Collected data
========================

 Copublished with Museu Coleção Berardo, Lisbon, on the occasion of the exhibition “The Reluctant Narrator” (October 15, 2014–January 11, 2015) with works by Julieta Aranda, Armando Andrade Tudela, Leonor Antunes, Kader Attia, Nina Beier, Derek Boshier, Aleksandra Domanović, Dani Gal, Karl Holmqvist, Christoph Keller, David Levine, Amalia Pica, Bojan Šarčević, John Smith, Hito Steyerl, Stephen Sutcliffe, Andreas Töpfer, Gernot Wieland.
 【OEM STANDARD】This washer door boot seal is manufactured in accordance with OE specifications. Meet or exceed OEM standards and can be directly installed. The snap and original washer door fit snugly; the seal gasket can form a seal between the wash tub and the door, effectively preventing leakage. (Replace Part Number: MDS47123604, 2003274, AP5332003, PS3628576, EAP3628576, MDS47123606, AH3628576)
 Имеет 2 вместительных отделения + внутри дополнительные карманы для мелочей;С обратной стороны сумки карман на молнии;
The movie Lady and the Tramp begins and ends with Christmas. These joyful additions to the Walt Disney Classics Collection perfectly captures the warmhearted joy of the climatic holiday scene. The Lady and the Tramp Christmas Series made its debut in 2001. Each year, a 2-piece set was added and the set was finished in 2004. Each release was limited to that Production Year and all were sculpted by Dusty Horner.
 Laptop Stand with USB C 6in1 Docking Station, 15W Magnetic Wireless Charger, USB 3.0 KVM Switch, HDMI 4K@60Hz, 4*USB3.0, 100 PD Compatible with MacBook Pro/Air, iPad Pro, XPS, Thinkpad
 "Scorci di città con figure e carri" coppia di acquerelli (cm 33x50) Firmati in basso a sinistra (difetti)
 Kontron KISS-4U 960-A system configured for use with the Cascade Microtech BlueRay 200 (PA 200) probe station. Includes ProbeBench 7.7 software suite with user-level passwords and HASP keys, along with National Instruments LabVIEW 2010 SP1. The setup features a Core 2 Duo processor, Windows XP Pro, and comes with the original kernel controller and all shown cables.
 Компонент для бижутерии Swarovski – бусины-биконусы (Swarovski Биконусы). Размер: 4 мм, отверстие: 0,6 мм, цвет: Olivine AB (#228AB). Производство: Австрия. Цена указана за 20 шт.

========================

What you need to do
The answer must be the line containing "Kontron KISS-4U 960-A" and every line after it to the end of the records, repeated exactly.

Task response
 Kontron KISS-4U 960-A system configured for use with the Cascade Microtech BlueRay 200 (PA 200) probe station. Includes ProbeBench 7.7 software suite with user-level passwords and HASP keys, along with National Instruments LabVIEW 2010 SP1. The setup features a Core 2 Duo processor, Windows XP Pro, and comes with the original kernel controller and all shown cables.
 Компонент для бижутерии Swarovski – бусины-биконусы (Swarovski Биконусы). Размер: 4 мм, отверстие: 0,6 мм, цвет: Olivine AB (#228AB). Производство: Австрия. Цена указана за 20 шт.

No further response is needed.